May 16, 2002, 12:00 AM

How 1-800-Flowers.com`s backup plan assured delivery for Mother`s Day

1-800-Flowers.com`s fallback plan gets product out of California on time by truck when Federal Express runs into unanticipated airlift delays in California.

 

Mother`s Day represents some of 1-800-Flowers.com`s biggest business, with the Westbury, NY-based flower and gift retailer logging in more than 100,000 online and 50,000 phone orders on peak shopping days leading up to May 12 this year. Those orders showed up in time - even those that the company accepted on the morning of May 12--Mothers Day--for delivery later that day, a service it offered in some ZIP codes for the first time this year - but not before adding a few gray hairs on the company`s fulfillment team.

1-800-Flowers.com starts providing projections of delivery needs to its floral network and its shippers, by ZIP code, three months in advance of major holiday spikes, based on the previous year`s numbers.

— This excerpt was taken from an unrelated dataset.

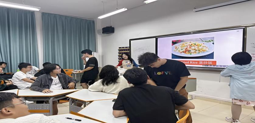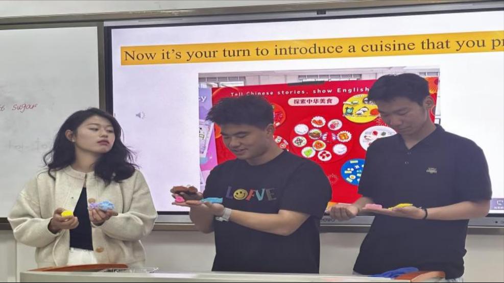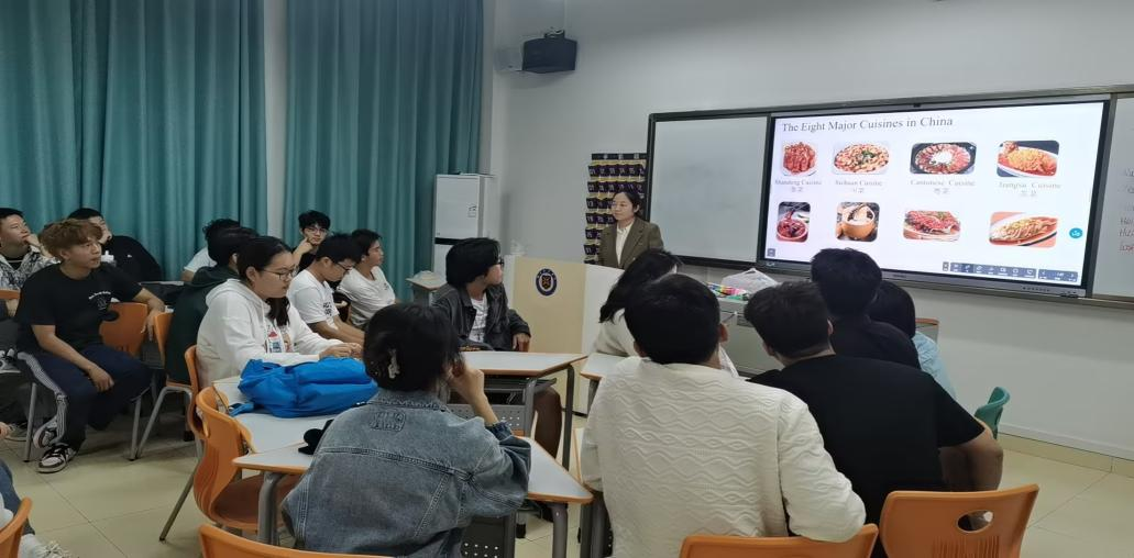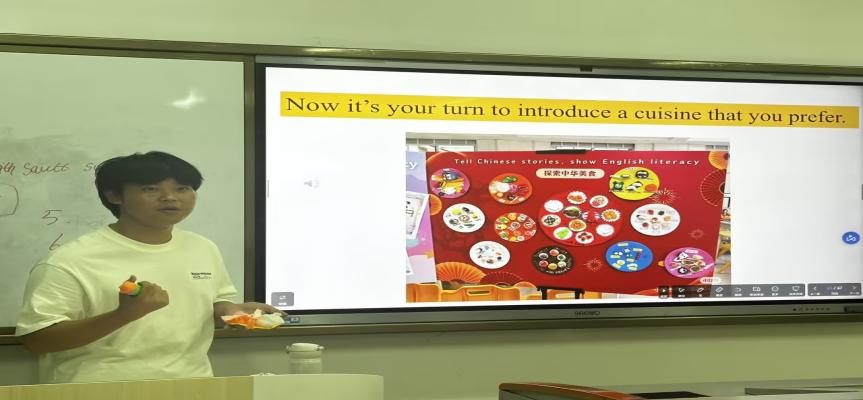 除了精彩的游戏,指导老师们还为同学们介绍了中国八大菜系。刘梦琪老师采用图文结合的方式,为大家进行了基本介绍,让大家看图猜菜名,并介绍了一些代表性中国菜的英文表达。随后,刘梦琪老师对川菜展开了详细介绍,涵盖川菜的特点、烹饪方式以及特色菜。以麻婆豆腐为例,刘梦琪老师从原材料、质地、口感、做法等方面用英文进行了细致入微的讲解。紧接着,高泉老师对京菜和楚菜进行了详细介绍。同时,高泉老师选取东坡肉作为例子,通过一首外国人自编的关于东坡肉的歌曲视频进行生动讲解,并辅以图片和文字,对相关的英文表达进行了详尽解释。

It factors in expectations from marketing surrounding the holiday and updates projections continually as orders start coming in. By the time the holiday is a few weeks off, it`s communicating several times a day with its local florists, central warehouses and regional warehouses on supply capacity and with its shippers on delivery capacity. It manages the expectations of customers online with a feature called Delivery Wizard, added last year, which gives them delivery availability in their ZIP code before they place an order.

Despite intense planning, a week before Mother`s Day FedEx alerted 1-800-Flowers that it might not have sufficient air transport capacity to meet projected demand out of California. It was a recap of sorts of Valentine`s Day, when the retailer learned a few days before the holiday that the shipper would not have sufficient air capacity to meet demand out of Miami, a major flower distribution point to rest of the country.

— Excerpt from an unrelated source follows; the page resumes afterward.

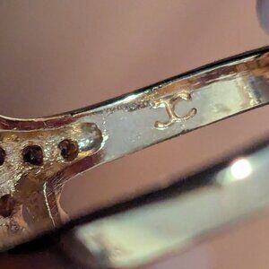 Excellent condition statement ring. Size is in-between a 9.5 and 10, see ring on ring sizer. Vintage Joseph Cleary cocktail ring. gold tone bypass band with marquise cut garnet center stone and small faux diamond rhinestones. signed JC

"We had enough notice that we were able to move product around," 1-800-Flowers President Chris McCann tells Internet Retailer. "We took product in trucks out of distribution points in California to other points where we could get FedEx airlift." Federal Express ultimately resolved the problem in California prior to Mother`s` Day, but not before 1-800-Flowers.com had executed the fallback plan.

Customers never knew about the last minute scramble because deliveries showed up on schedule. "There are a lot of moving pieces," says McCann of the company`s fulfillment operation. "We consider it a Herculean task to make it happen on time, but that`s our job, to make that magic happen for our customers."